(Given data)

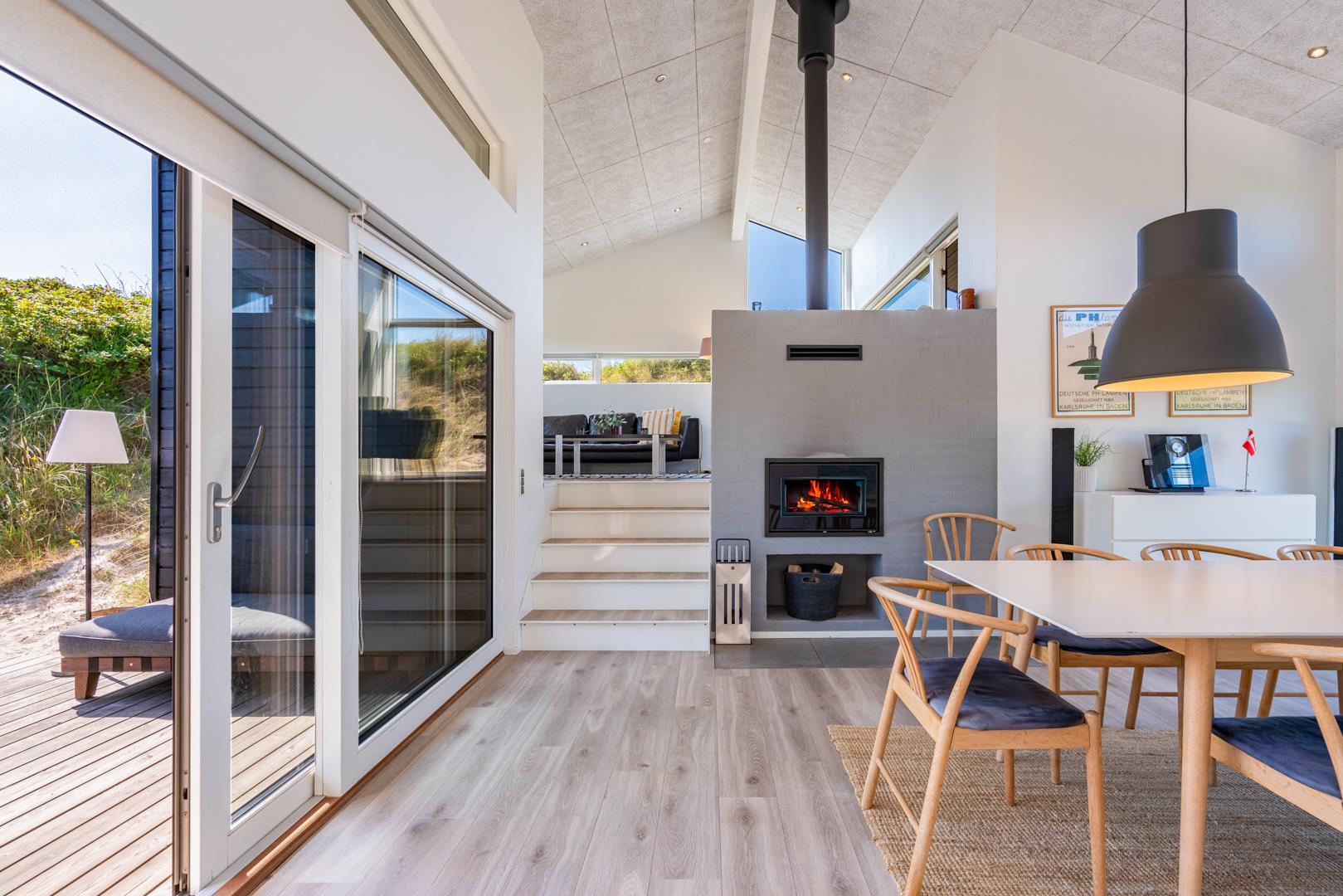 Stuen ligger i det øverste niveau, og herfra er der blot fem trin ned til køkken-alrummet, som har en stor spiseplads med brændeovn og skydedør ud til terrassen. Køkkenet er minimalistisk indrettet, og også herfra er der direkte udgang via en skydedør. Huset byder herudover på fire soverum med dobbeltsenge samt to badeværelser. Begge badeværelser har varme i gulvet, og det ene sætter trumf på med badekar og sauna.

(End Given data)
(Given data)

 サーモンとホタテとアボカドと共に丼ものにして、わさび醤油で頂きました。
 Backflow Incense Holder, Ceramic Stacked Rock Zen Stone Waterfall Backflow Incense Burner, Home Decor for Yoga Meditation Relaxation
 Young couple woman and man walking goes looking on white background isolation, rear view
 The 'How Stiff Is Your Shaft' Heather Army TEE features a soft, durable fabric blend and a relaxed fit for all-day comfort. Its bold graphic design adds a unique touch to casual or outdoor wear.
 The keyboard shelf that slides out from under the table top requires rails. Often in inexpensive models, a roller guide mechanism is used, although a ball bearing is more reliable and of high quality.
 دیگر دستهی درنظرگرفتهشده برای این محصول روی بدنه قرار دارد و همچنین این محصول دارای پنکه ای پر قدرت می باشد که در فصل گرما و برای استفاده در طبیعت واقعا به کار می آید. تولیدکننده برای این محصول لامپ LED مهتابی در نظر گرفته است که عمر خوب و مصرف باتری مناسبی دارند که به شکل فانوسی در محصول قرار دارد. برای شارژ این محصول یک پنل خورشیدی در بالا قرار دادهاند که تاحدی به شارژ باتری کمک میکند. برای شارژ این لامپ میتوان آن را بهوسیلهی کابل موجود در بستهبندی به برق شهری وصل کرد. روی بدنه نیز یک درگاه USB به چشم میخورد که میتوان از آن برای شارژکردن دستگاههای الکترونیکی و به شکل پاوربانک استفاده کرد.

(End Given data)
(Given data)

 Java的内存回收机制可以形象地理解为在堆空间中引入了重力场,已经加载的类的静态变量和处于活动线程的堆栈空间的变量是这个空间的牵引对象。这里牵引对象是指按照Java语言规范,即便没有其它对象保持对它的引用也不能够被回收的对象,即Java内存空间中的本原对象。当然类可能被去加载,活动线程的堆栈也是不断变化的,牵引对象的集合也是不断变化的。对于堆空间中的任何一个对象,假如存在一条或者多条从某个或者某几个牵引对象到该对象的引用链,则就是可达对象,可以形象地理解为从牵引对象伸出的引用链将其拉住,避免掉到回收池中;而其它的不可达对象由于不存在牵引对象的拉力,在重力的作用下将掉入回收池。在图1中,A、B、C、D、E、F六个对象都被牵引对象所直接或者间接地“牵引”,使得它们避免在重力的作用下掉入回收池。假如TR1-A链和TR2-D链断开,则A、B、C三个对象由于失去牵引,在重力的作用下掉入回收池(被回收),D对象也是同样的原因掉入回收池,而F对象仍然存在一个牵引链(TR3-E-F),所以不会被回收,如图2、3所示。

(End Given data)

▶ Task details: What you return should be exactly the lines above, starting at the one with "Backflow Incense Holder, Ceramic" and ending at the one with "The keyboard shelf", and nothing else.

▶ Reply to the exercise:
 Backflow Incense Holder, Ceramic Stacked Rock Zen Stone Waterfall Backflow Incense Burner, Home Decor for Yoga Meditation Relaxation
 Young couple woman and man walking goes looking on white background isolation, rear view
 The 'How Stiff Is Your Shaft' Heather Army TEE features a soft, durable fabric blend and a relaxed fit for all-day comfort. Its bold graphic design adds a unique touch to casual or outdoor wear.
 The keyboard shelf that slides out from under the table top requires rails. Often in inexpensive models, a roller guide mechanism is used, although a ball bearing is more reliable and of high quality.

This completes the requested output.